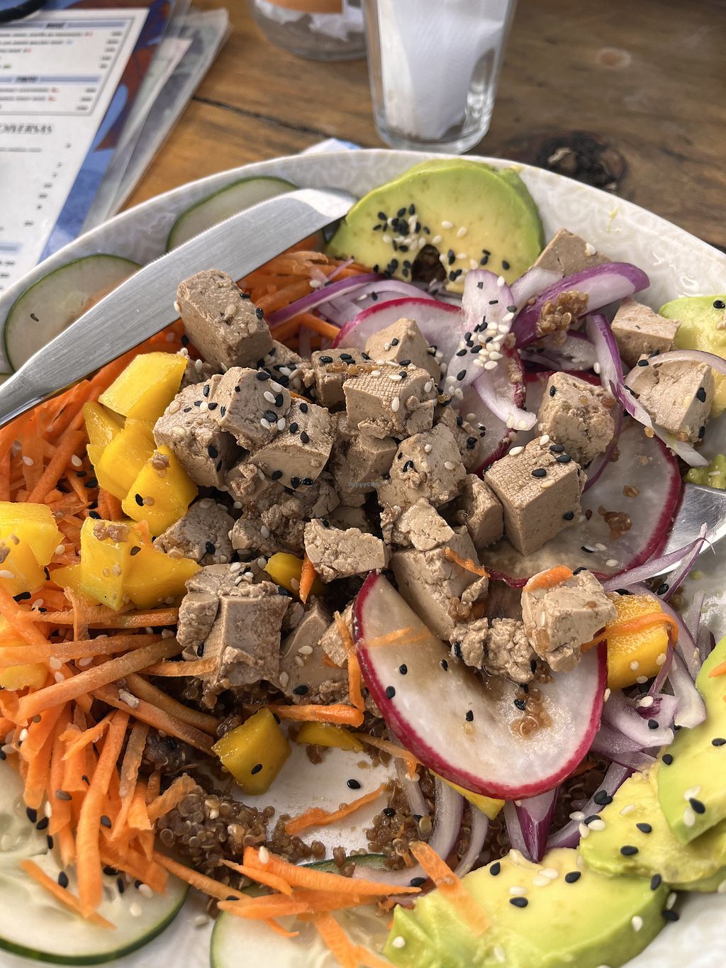 I tried the Buddha bowl, a poke with tofu, quinoa, avacoado, mango and vegetables, and it was really good. Tofu was well seasoned.
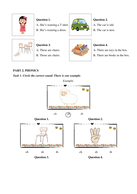 Task 1. Circle the correct sound. There is one example. Example. ch sh th Question 1. Question 2. ch sh th ch sh th Question 3. Question 4.
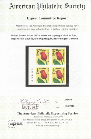 2517a, MNH Imperforate "F" Stamp Block With APS Certificate - Stuart Katz

## [Your objective]
Reproduce every line of the material precisely, omitting its pictures.

## [Response to this task]
 I tried the Buddha bowl, a poke with tofu, quinoa, avacoado, mango and vegetables, and it was really good. Tofu was well seasoned.
 Task 1. Circle the correct sound. There is one example. Example. ch sh th Question 1. Question 2. ch sh th ch sh th Question 3. Question 4.
 2517a, MNH Imperforate "F" Stamp Block With APS Certificate - Stuart Katz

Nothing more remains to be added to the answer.